Only nine months after pan-African ISP MWEB bought Afsat and heralded this as the first of several acquisitions, Naspers has put the company up for auction, and a deal might be concluded within nine months. In strategic terms, Naspers is saying publicly that it is getting out of the ISP business.

Khulekani Dlamini, media analyst for Renaissance Specialist Fund Management, said the market liked the sale news as it meant a possible realisation of value for Naspers shareholders.
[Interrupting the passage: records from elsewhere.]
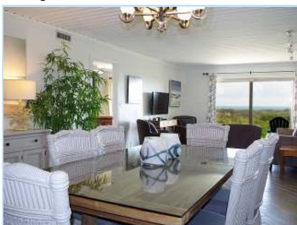
all new furniture in dining room
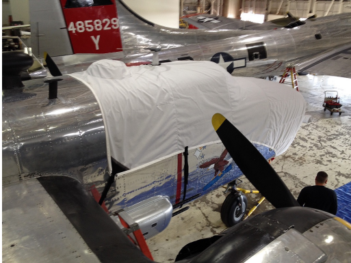
B25 Cockpit/Nose Cover

This cover type is made from Silver Acrylic Sunbrella canvas and is 100% lined with a soft and smooth microfiber. Bruce's Custom Covers developed this material combination especially for aircraft protection. The outer material is medium weight and treated for water resistance, UV resistance and anti-static buildup. The inner lining is a very soft and smooth microfiber to prevent scratching. The material is very reflective, and tests show that the cabin interior temperature can be reduced to near-ambient temperature on the hottest of days. It is water, ice and snow repellent, yet breathable to allow moisture to escape from between the cover and the aircraft surface.
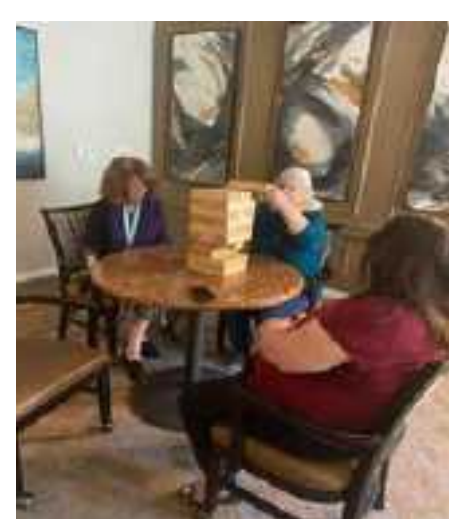
Giant Games Fun

He said MWEB had turnover of nearly R1bn a year, and the sale was unlikely to affect Naspers’ prospects much.

MWEB CEO Rudi Jansen said transition to a new majority shareholder was "always difficult", but a shareholder with a telecoms network that could also help drive MWEB's existing businesses in 26 other African countries would bring significant new opportunities.
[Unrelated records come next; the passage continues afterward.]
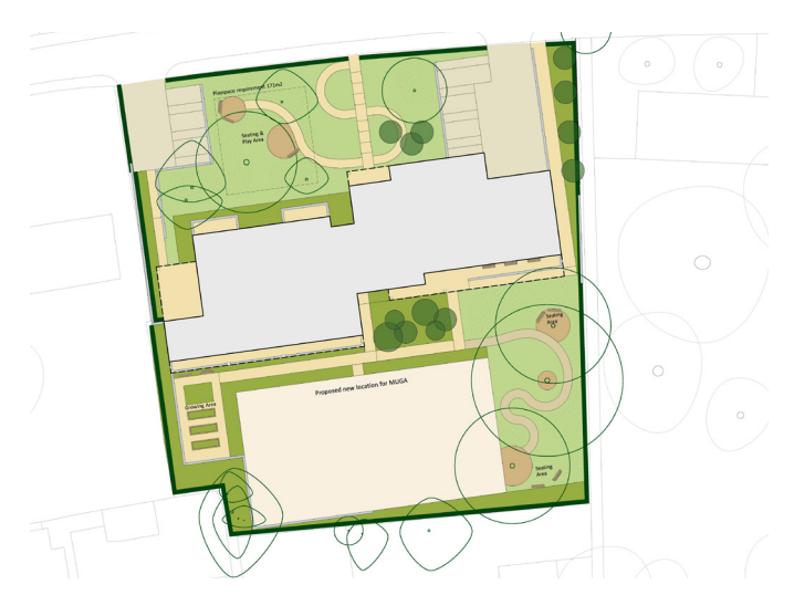
Proposed Ashburton Youth Centre Landscaping

The proposed landscaping approach has carefully considered and responded to the site context and will
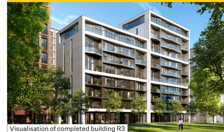
Visualisation of completed building R3

The final internal fittings are now being added to these new homes, ready for the building to complete in mid-August. Extended working hours are taking place currently and will continue until 31 July. From Monday-Saturday and in accordance with the government's temporary extension to site working hours, works will take place from 8am until 9pm for the contractor to install façade panels to the east and west elevation. New residents are expected to move into Luma from September 2020.
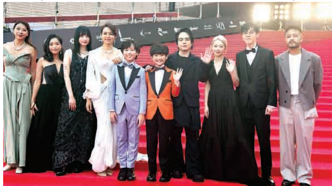
The cast and crew from the movie Time Still Turns The Pages pose for photos during the red carpet for the 42nd Hong Kong Film Awards in Hong Kong, Sunday, April 14, 2024.

Potential bidders had been identified. "We've started contacting them. There's been lots of interest." The aim was to sell MWEB on a "tight schedule", possibly in three to nine months, depending on Competition Board approval, Jansen said.

The announcement followed several approaches for MWEB's sale, Naspers said .

Jansen said MWEB was making profits and had more than 320,000 dial-up and broadband customers in the home and business market, 5000 corporate customers in South Africa and 24,000 corporate customers in Africa. Its market share in South Africa was more than 25%.

Although MWEB’s South African operation has borne fruit in terms of profits after considerable investment, its pan-African operations (particularly Nigeria) have made very slow progress. Over the years, it was one of the on-off potential buyers of the other pan-African ISP Africa Online that was landed by Telkom South Africa. Africa Online is still loss-making and although MWEB’s subscriber base is larger, it is hard to imagine that the pan-African element of the business makes a substantial contribution to Naspers’ bottom line.

MWEB was on the verge of investing in a wireless digital broadband network roll-out to exploit its market leadership position in the rapidly growing broadband market. "This strategy, focusing on connectivity, diverges from Naspers's core focus of online content platforms, communities and commerce," Naspers said.

The group's core focus is now on online content, communities and commerce. This includes investments in Tradus, the leading e-commerce platform in eastern Europe, Tencent in China, Mail.ru in Russia and Gadu-Gadu in Poland. Ibibo in India, Sanook in Thailand and 24.com and Mxit in SA continue to grow their communities.